Hello, just got my first moto bike last week and I'd like some help determining the year and manufacturer of the frame. I've done a little bit of research and it seems like it could be anywhere in the 25-29 range. Any help would be greatly appreciated.



























Thanks, Jon


----------



## Oldnut (Oct 28, 2014)

*Motobike*

Sweet bike with the early style chainring 24-25


----------



## Joe Hargis (Oct 28, 2014)

*Fauber chain ring*

Looks like someone was a lil tipsy while stamping the serial number .... nice ride


----------



## Waterland (Oct 28, 2014)

It's later than '25, the New Departure Model C hub was produced from 1927 to 1933.  That style chainring was used on Elgins up until around 1930.  I'm going to say yours is probably a '29 or '30.


----------



## bricycle (Oct 28, 2014)

Since that C hub began in 1927, my best estimate would be 27-30. Love the serial # !!!!


----------



## RustyHornet (Oct 28, 2014)

Thanks for the input guys.
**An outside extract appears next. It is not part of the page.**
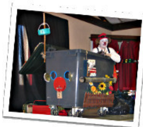
Miss LuLu et les Zéboueurs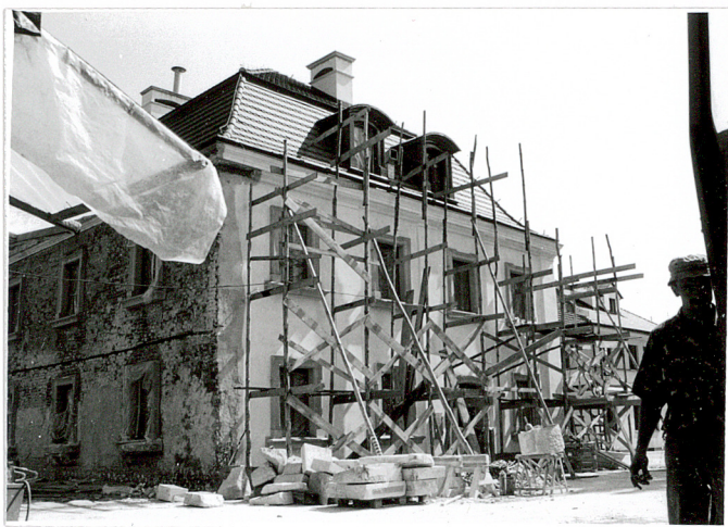
1. Widok od pd. zach.

The fella I bought it from thought 25-26. I was doing my own research and found out about the C hub first being advertised in '27. The '24s I found have the bottle cap head badge where mine is screwed in. Also I'm not seeing my paint scheme show up till around '26. I've also read that these frames were built by Excelsior of Michigan City, IN, can anyone confirm?

Jon


----------